Filipe Rogeiro dá a conhecer os primeiros artigos pós-revolução com a notícia dos acontecimentos de 9 de maio com o saneamento do executivo do Estado Novo, e do seu presidente, João Mário de Oliveira. Foram notícia ainda a reunião plenária nas instalações do Sport Lisboa e Benfica de 19 de maio com fotografias do acontecimento. Ainda no mês de maio de 74, a comissão administrativa dá uma primeira entrevista ao Nova Verdade. “Basicamente é dito que estão na Câmara não para governar o concelho, mas para assegurar uma transição”. Com a saída da censura, o jornalismo adapta-se “e o formalismo e o conservadorismo do Estado Novo tendem a esbater-se” nas páginas dos jornais do concelho de Alenquer. “Havia uma forma de tratamento diferenciada das pessoas entre as que tinham mais fortuna e as que não tinham” e isso era visível na imprensa. “Quem ler os jornais de março de 74 e os de maio de 74 nota logo a queda desse tipo de discurso”.

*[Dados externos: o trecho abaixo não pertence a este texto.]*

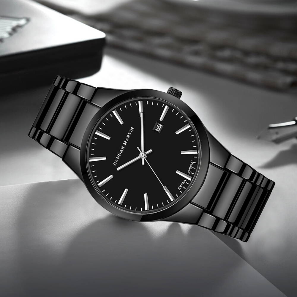 HANNAH MARTIN Jam Tangan Pria 100 Original Business Analog Tanggal Stainless Steel 1756

Antes do 25 de abril, o Verdade, nome que vigorou até ao 25 de abril, numa das últimas edições antes daquela data, continha textos como “a mulher ideal” que aludia a um concurso levado a cabo pela revista “Donas de Casa”. As concorrentes tinham de saber “cozinhar, cuidar da casa, coser à máquina e tricotar à mão, ter cultura geral e agradável aspeto físico”. Noutro espaço da mesma edição apresentava-se a notícia “boatos e boatejos”, “que podia estar já relacionada com o “Golpe das Caldas”, segundo Filipe Rogeiro.
Ao mesmo tempo e menos conservador tínhamos o Ecos de Alenquer que tentava arriscar mais quando o lápis azul ainda imperava. “Não procurando temas completamente provocatórios não estava na linha do género mais conservador da Verdade, que era mais elogioso e de comprometimento total com o Estado Novo”. Isso nota-se também na crítica ao trabalho do município. Lê-se na antecâmara da Revolução notícias que dão conta que “há estradas por arranjar” e “que urge fazer algo pelo Museu Hipólito Cabaço”. Foram escritas por Salcedas Rogeiro, pai do historiador. “São coisas que constrangiam a Câmara. A Verdade não fazia perguntas à autarquia. São notícias que estavam no limite do tolerável à época. Isto custou-lhe por exemplo cortar relações com o presidente da Câmara, João Mário, que durou ainda muitos anos”.
Nos alvores do 25 de abril há notícias de movimentos de trabalhadores nas empresas, da presença de Mário Soares num jantar em Alenquer. As mentalidades foram mudando também, mas “em muitas famílias havia quem pensasse de forma diferente, o que era normal, porque os mais velhos nunca tinham conhecido outra realidade”. Essa clivagem talvez menos estudada teve o seu impacto nas gerações à época. Cláudia Luís, vereadora da Cultura na Câmara de Alenquer, refere que o município “está a preparar um programa muito completo na comemoração dos 50 anos do 25 de abril e que abrange várias faixas etárias, sobretudo os mais jovens que vêm esta data como um mero feriado”.